Dada una serie de dificultades de organización, el Carnaval se llevó a cabo con algunos momentos muertos, con confusión sobre las cosas planificadas, con algunas pérdidas de tiempo y descontrol, típicos de este tipo de eventos. A la vez se vivió con mucho entusiasmo y algarabía.
Cuando montamos la escena para devolverla al grupo de la Asociación, utilizamos casi automáticamente ciertos elementos de montaje que nos son habituales. Dado que trabajamos con una sola cámara tuvimos que forzar el material para obtener algunos resultados.Comenzamos a buscar determinados hilos de acción, rompimos el tiempo para encadenar gestos y actitudes desplazándolos de un sitio a otro buscando mayor efectividad, intercambiamos planos ocurridos en momentos diferentes para enlazar o acelerar acciones, colocamos fundidos que dieran otra noción de tiempo y así transformamos aquellos brutos, en una secuencia continua de 15 minutos de unos hechos que se desarrollaron en poco más de dos horas.
Queríamos reflejar el entusiasmo que los y las protagonistas parecían haber vivido haciendo una especie de resumen efectivo de lo que teníamos grabado. Como montadores nos quedamos satisfechos después de batallar con un material caótico porque habíamos obtenido sobre todo continuidad y dinamismo en la secuencia.
Al ver el trabajo con otros dos compañeros que ya conocen este tipo de eventos, vimos que podía ser una oportunidad para plantear un poco de debate sobre el contenido de lo popular de este tipo de manifestaciones y de ciertos eslóganes, intenciones, discursos y lugares comunes que se originaron allí, en un acontecimiento que pretendía ser una alternativa al carnaval oficial del Ayuntamiento de Madrid.
Al final, cuando otra compañera que no había participado en el Carnaval lo vio, la tarde anterior al visionado, se quedó con la impresión de que aquello había sido una buenísima y animada fiesta donde todo había salido muy bien y dónde lamentaba no haber estado.

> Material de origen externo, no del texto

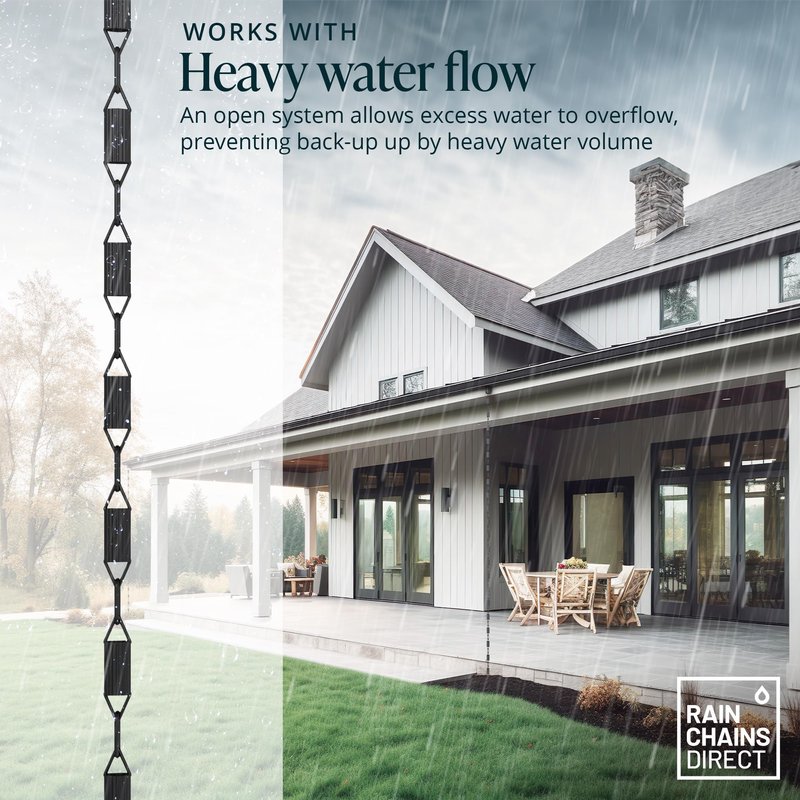 - Unrestricted Water Flow - The open-flow design of the gutter chain downspout allows water to effortlessly cascade down the chain without fear of backing up, even in heavy rain.

Nos dimos cuenta de que las operaciones del montaje nos habían jugado una mala pasada. Si realmente teníamos intenciones de llevar a debate algunos asuntos, las imágenes que construimos, no solo no conflictuaban ese tipo de asuntos como para facilitar la discusión, sino que crearon una falsa imagen de lo que ocurrió. Mientras en la realidad hubo desconcierto organizativo, en nuestro montaje había orden y eficacia; mientras en la realidad habían tiempos de dispersión y confusión, en nuestro montaje había continuidad; mientras en la realidad había habido cierto ausentismo y temores dado que no había permiso para realizar la marcha, en nuestro montaje todo era fluidez y algarabía; mientras en la realidad era la hora y nadie había llegado aún al lugar y se temía que no se hiciera, en nuestro montaje había un arranque calmo, lleno de primeros planos de máscaras, caras pintadas, saltos, gritos y un montón de personas ya agrupadas para partir con plena seguridad hacia los puntos fijados.
¿Qué diablos habíamos montado entonces como reflejo del “Carnaval Popular” al que habíamos asistido? Nos preguntamos.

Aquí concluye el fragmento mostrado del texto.